[Saved data entries]
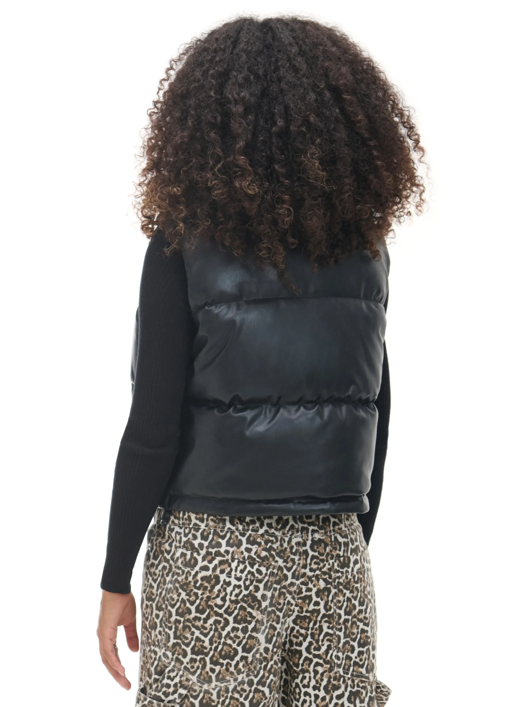 Damska pikowana kamizelka typu puffer o krótszym kroju, uszyta z imitacji skóry. Idealna na sezon przejściowy, dzięki delikatnemu wypełnieniu. kamizelka o krótszym kroju pikowanie na całości wewnątrz wykończenie na podszewce syntetyczne wypełnienie zapięcie na zamek na całej długości wysoka stójka bez rękawów dwie kieszenie po bokach regulacja dołu za pomocą gumek ze stoperami
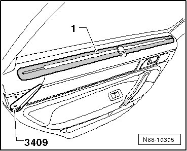 - Pry the cover - 1 - out of the door trim using the Trim Removal Wedge (3409).
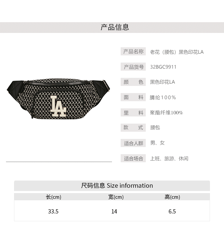 MLB美职棒棒球 老花(腰包)黑色印花LA32BGC9941-07L
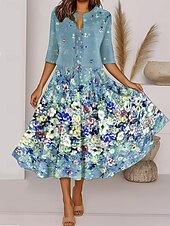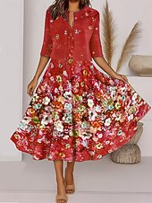 More information about Women's Two Piece Dress Sets Midi Dress with Jacket Elegant A Line Dress Half Sleeve Casual Semi Formal Ombre Floral Print V Neck Date Red Sky Blue Green Regular Fit
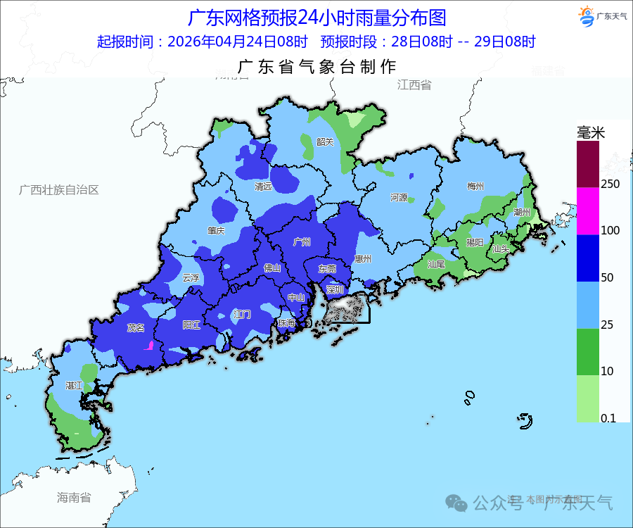 今天(4月24日),冷暖气流在广东沿海交汇,因此考虑南部市县仍有明显降雨;25-26日,雨带(对应切变线系统)东移出海,广东大部降雨逐渐减弱,阳光回归。
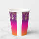 Vasos De Papel Boda indio Monograma Damask Naranja morado rosado

◆ **WHAT THE EXERCISE ASKS**
Copy all the data exactly as written, but skip any picture.

◆ **YOUR RESPONSE**
 Damska pikowana kamizelka typu puffer o krótszym kroju, uszyta z imitacji skóry. Idealna na sezon przejściowy, dzięki delikatnemu wypełnieniu. kamizelka o krótszym kroju pikowanie na całości wewnątrz wykończenie na podszewce syntetyczne wypełnienie zapięcie na zamek na całej długości wysoka stójka bez rękawów dwie kieszenie po bokach regulacja dołu za pomocą gumek ze stoperami
 - Pry the cover - 1 - out of the door trim using the Trim Removal Wedge (3409).
 MLB美职棒棒球 老花(腰包)黑色印花LA32BGC9941-07L
 More information about Women's Two Piece Dress Sets Midi Dress with Jacket Elegant A Line Dress Half Sleeve Casual Semi Formal Ombre Floral Print V Neck Date Red Sky Blue Green Regular Fit
 今天(4月24日),冷暖气流在广东沿海交汇,因此考虑南部市县仍有明显降雨;25-26日,雨带(对应切变线系统)东移出海,广东大部降雨逐渐减弱,阳光回归。
 Vasos De Papel Boda indio Monograma Damask Naranja morado rosado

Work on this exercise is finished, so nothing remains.